L’arrêt du 12 février 2026 ajoute une conséquence procédurale très concrète : après prescription, l’occupation sans droit ni titre peut constituer un trouble manifestement illicite. Or l’article 835, alinéa 1er, du Code de procédure civile permet au juge des référés d’ordonner les mesures de remise en état nécessaires même en présence d’une contestation sérieuse. Le bailleur peut donc solliciter l’expulsion en référé lorsque la prescription est acquise et qu’aucun autre titre ne justifie le maintien du locataire.
Quelle vigilance après un congé avec offre d’indemnité d’éviction ?
Pour le locataire, la date d’effet du congé doit immédiatement être reportée dans un calendrier de prescription. L’offre d’indemnité, les échanges comptables, les négociations ou la perspective d’une expertise ne permettent pas, à eux seuls, de considérer le délai de deux ans comme interrompu ou suspendu.
À défaut d’accord définitif suffisamment tôt, une action doit être engagée pour préserver le droit à indemnité, sauf à disposer d’une cause d’interruption ou de suspension juridiquement certaine.
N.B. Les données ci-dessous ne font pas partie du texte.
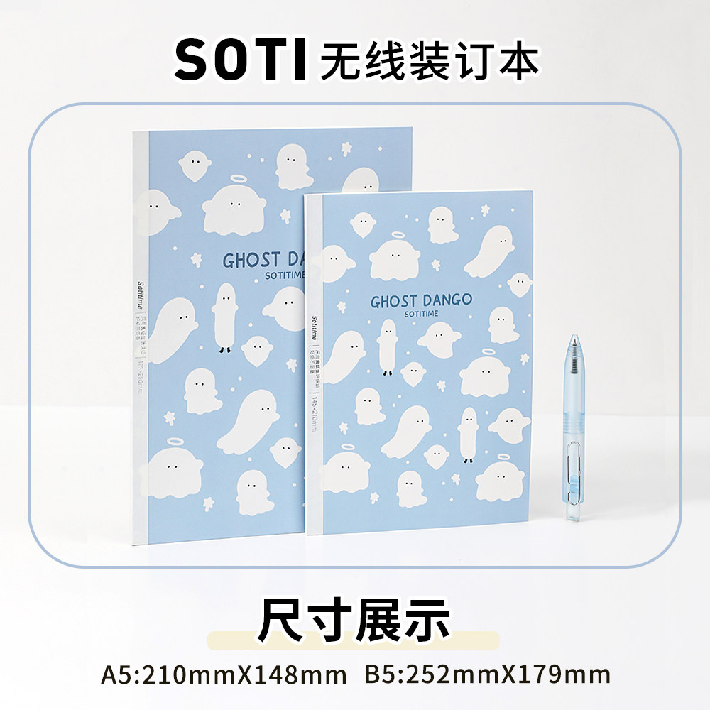苏铁时光无线胶装本幽灵团子合集记事本学习高颜值学生A5B5学习用品卡通可爱小幽灵笔记本横线本不卡纸手账本
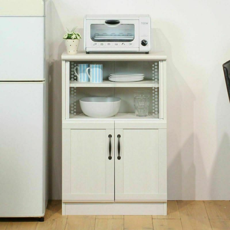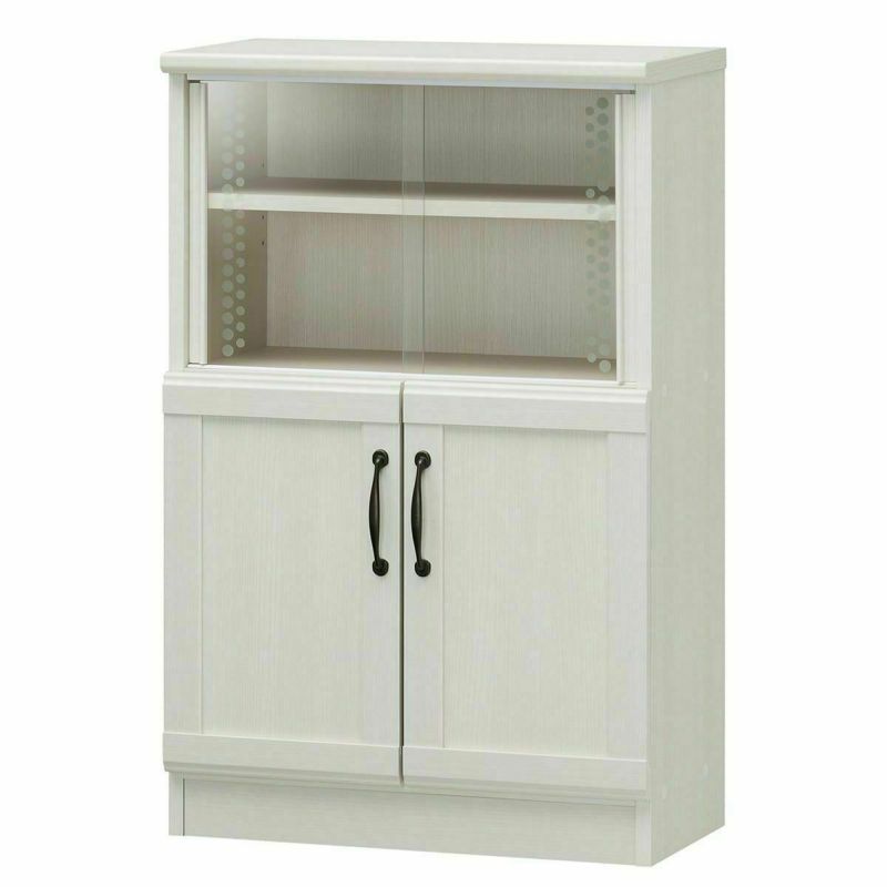 食器棚 幅57cm 高さ88cm ホワイト 白木目 ガラス 引き戸 ミニ サイズ キッチン収納 ドット柄ガラス
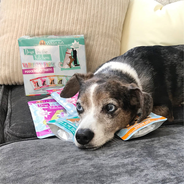Its paw-ty time! The Pooch Pouch Party Variety Pack gives your dancing doggo two each of their favorite Dogs in the Kitchen pouches:
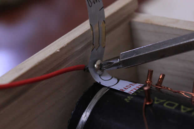 Mide 1/4 '' sobre el tubo de PVC y enroscar la tira cerveza recién montado en el interior de la caja en el extremo opuesto de la manija. Asegúrese de que la tira esté en contacto con el alambre de niobio como la pipa da vuelta. Repetir una vez más.
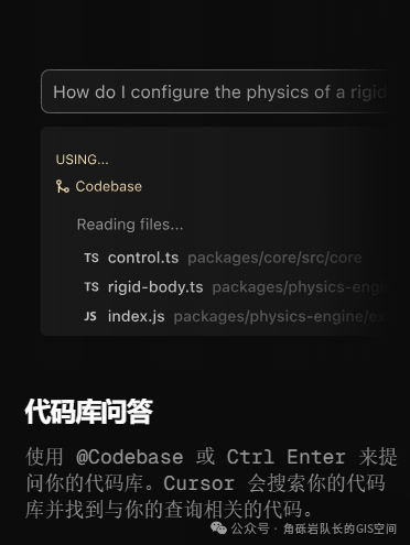使用 @Codebase 或 Ctrl Enter 来提问你的代码库。Cursor 会搜索你的代码库并找到与你的查询相关的代码。 ⑥常用快捷键

L’enjeu est double : la prescription fait perdre non seulement l’action en paiement, mais aussi le droit au maintien dans les lieux.
Pour le bailleur, l’arrêt confirme qu’une offre d’indemnité n’interdit pas d’opposer ultérieurement la prescription. Il faut toutefois examiner les actes accomplis pendant le délai, car une reconnaissance postérieure répondant aux conditions de l’article 2240, une demande en justice ou certaines mesures d’instruction peuvent modifier le cours de la prescription.
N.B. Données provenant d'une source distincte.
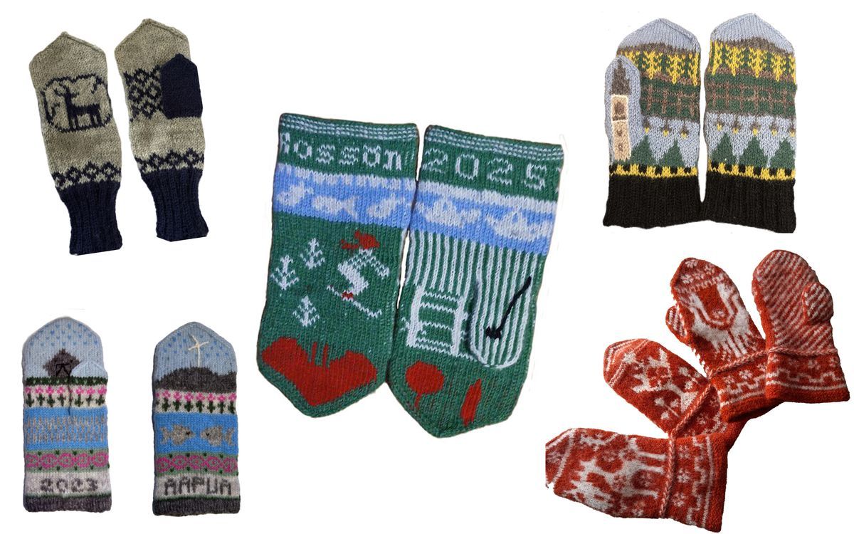 En gång i veckan träffas ett gäng kvinnor i Rossön, en by i Ångermanland, för att sticka. De kallar sig ”Garningarna”, berättar Lena Andersson: ”De har gemensamt kommit fram med idén till motiven på vanten som ska representera byn. Utifrån dessa idéer har Inga-Lena Åkerstedt skapat mönstret till den vackra vanten. Hon har även stickat det första paret.”
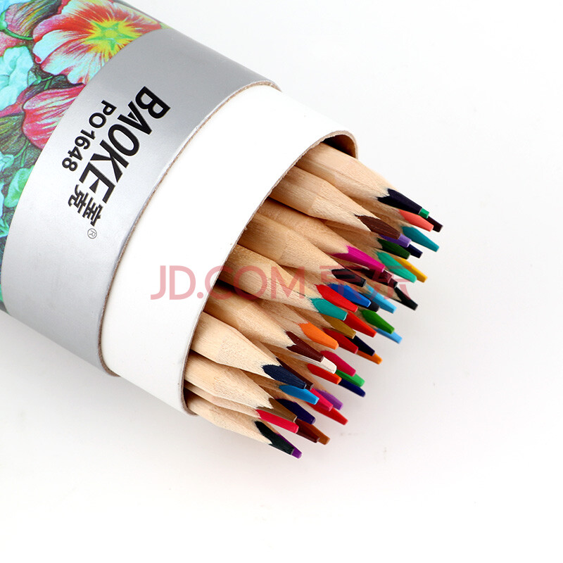 商品相册:宝克(BAOKE)PO1648原木油性48色三角杆彩铅彩色铅笔填色彩笔绘画笔纸筒装第

L’enseignement pratique est donc simple : négocier le montant de l’indemnité ne dispense jamais de protéger le délai d’action. Tant que la situation n’est pas définitivement réglée, la discussion amiable et la préservation du droit d’agir doivent être conduites parallèlement.
À retenir
Un congé avec refus de renouvellement et offre d’indemnité d’éviction fait courir le délai de deux ans permettant au locataire d’en demander le paiement.
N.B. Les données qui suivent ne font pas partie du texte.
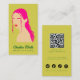 Modern Pink Lime Green Hair Styling Flat Design QR Business Card
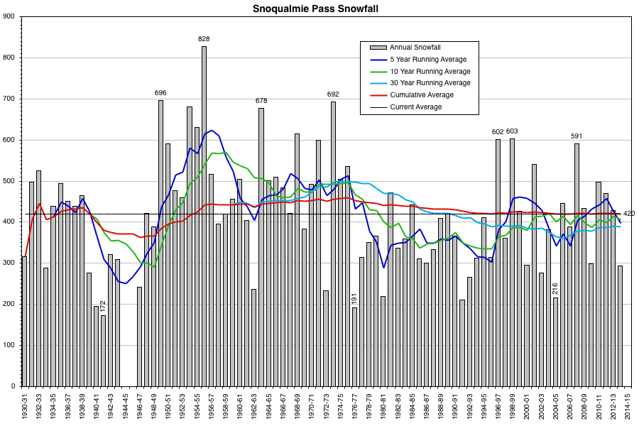 The data gathered and analyzed is very impressive Amar, thanks for delving into this. My observation is that some years in the latter 70's, 80's, early 90's were not as deep and long lasting but did afford skiing at our local areas. Sometimes pretty thin coverage, but adequate.....mostly. The 2005 event and this years stand out although 05 turned a corner late. One has to wonder when the warmest couple years of record show up (don't say this to a mid-westerner, they're getting the polar hammer) along with significant ice melt if the next, say 20 years a predictive approach could let us look into the crystal ball? I can imagine mean snow levels going upward, enough moisture in the storms to drop meaningful amounts of snow, but temp's will be just a few degrees off. Probably some forecasts thinking we'll dry a bit but I doubt there's hard evidence. The conjecture that Snoqualmie Pass will be lucky to pull off a ski season in 20 to 30 years is sounding more real though. In your research do you look at data modeling of longer-term projections? Maybe you've seen some of the "what-if" scenario's and what us armchair weatherpersons might notice should the weather influences go contrary? Just curious and again, very nice job!

L’absence de contestation du bailleur sur le principe de l’indemnité ne dispense pas le locataire de saisir le tribunal.
La mauvaise foi du bailleur n’est pas, à elle seule, une cause d’interruption ou de suspension de la prescription.
Une véritable reconnaissance du droit par le bailleur peut toutefois devoir être examinée au regard de l’article 2240 du Code civil.
Lorsque la prescription est acquise, le locataire perd son droit au maintien dans les lieux.
Son occupation devient alors sans droit ni titre et peut justifier une expulsion en référé.